Repeated detection. Red indicates the correct bounding boxes, and blue indicates the repeated bounding box.
Our method takes RGB images as input, which are conveyed to object stream and pixel stream respectively. The object stream detects the candidate region based on a convolution network. The convolution network is used to detect the heatmaps of corner locations of the candidate regions. In the process of detecting the heatmaps, we draw lessons from attention mechanism. Its core goal is to select the information that is more critical to the current task from a lot of information, and reach an agreement with our goal of finding the key points in the picture. And attention mechanism is also well used in the object detection task. For example, the last ImageNet champion model: SENet [65], proposed a new convolution operator, which learns new feature map from input feature map through convolution kernel. AC-FPN [66] designs a new network structure, which is called attention oriented context feature pyramid network. By fusing multiple different receptive field features, the network structure not only increases the receptive field of objects, but also makes use of the context information of objects. In addition, DSC [44] is used for shadow detection task. For each feature grid, the information of its surrounding grid can be obtained, so as to distinguish the shadow. Each corner has its own embedding vector. By matching the embedding vectors of the top-left corner and the bottom-right corner, whether the two corners belong to the same object can be determined. Pixel stream uses the vehicle lights segmentation image to assist the candidate regions which are generated in the object stream to get more accurate bounding boxes.
Our proposed nighttime vehicle detection method includes two important parts: 1) Object Stream; and 2)Pixel Stream. They are described in detail in this section.
Object stream
The object stream is used to detect the candidate regions in the nighttime image. The structure of object stream is similar to that of CornerNet. The features of the original image are extracted by backbone(Hourglass) network, and then the features pass Direction Attention Pooling to obtain direction perception feature. And then, the direction perception features pass a ReLU layer and a convolution layer to obtain three branches. They are heatmaps for locating corner key points, embeddings for pairing and offsets for position calibration, respectively. The procedure shown in Fig. 3.

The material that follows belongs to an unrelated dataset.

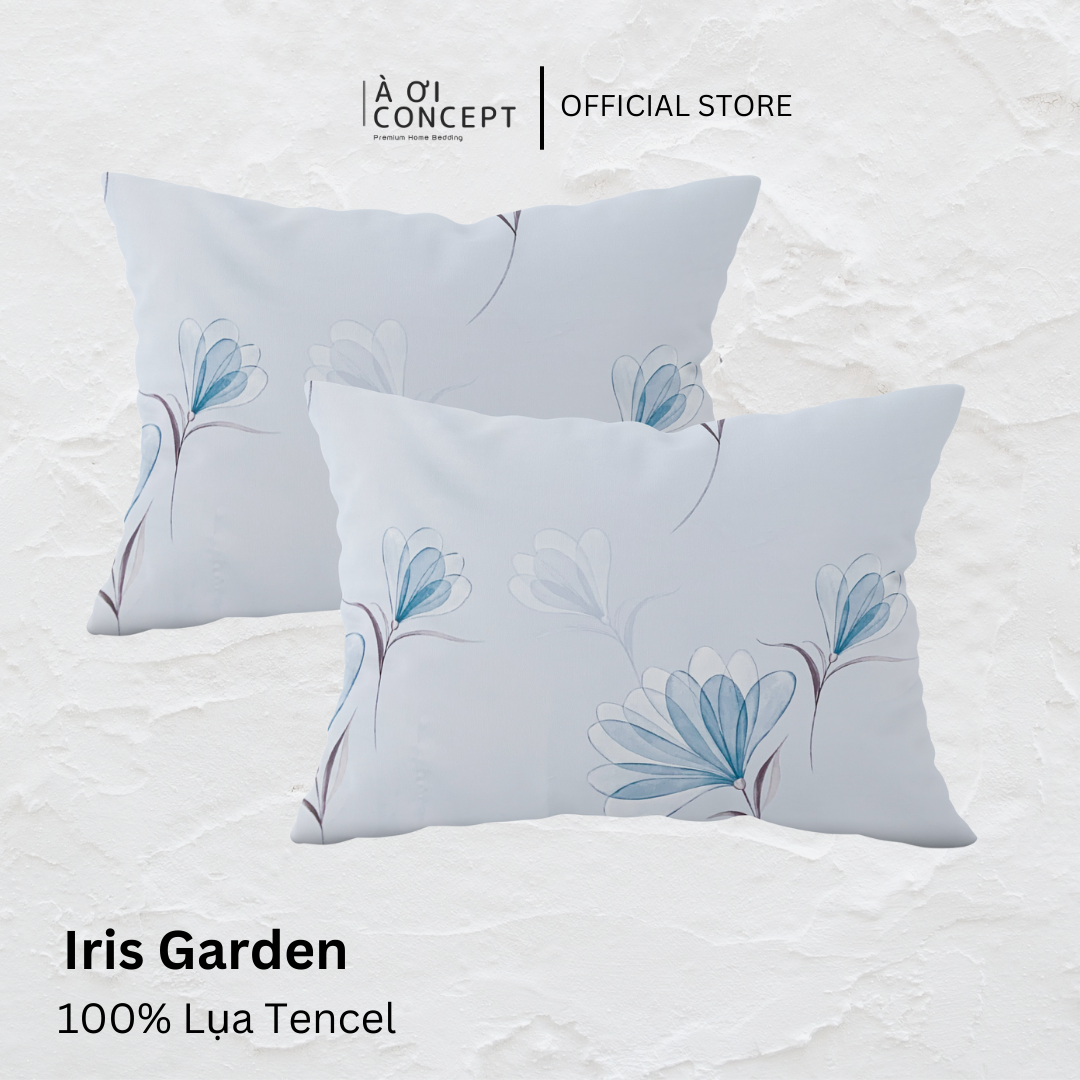 Vỏ gối nằm hoạ tiết | Lụa Tencel | 50x70cm | Túi lồng ruột | Iris Garden M1 | Mềm mại, Thoáng khí | VGTC00015 | À Ơi Concept

The main structure of object stream. The features are processed separately into three branches for different usages: generating the heatmaps, extracting embeddings and predicting offsets.
The most critical structure used by CornetNet to detect key points is a special layer called Corner Pooling. The mechanism of Corner Pooling is as follows. Take the situation of detecting top-left corners as example (and similar in bottom-right case). There are two parallel feature maps from backbone network used in the procedure, one put through horizontal and the other put through vertical pooling, and the output is the element-wise sum of the two pooled maps. The horizontal pooling is that, given a grid in the feature map, the value is set as the maximum among the values to its right-side. In a similar manner, vertical pooling selects the maximum among down-side values. The scheme is shown in Fig. 4. The principle is that the intersection of the upper boundary and the left boundary of an object is the top-left corner. The maximum value in the Corner Pooling reflects the information of the top and left boundaries.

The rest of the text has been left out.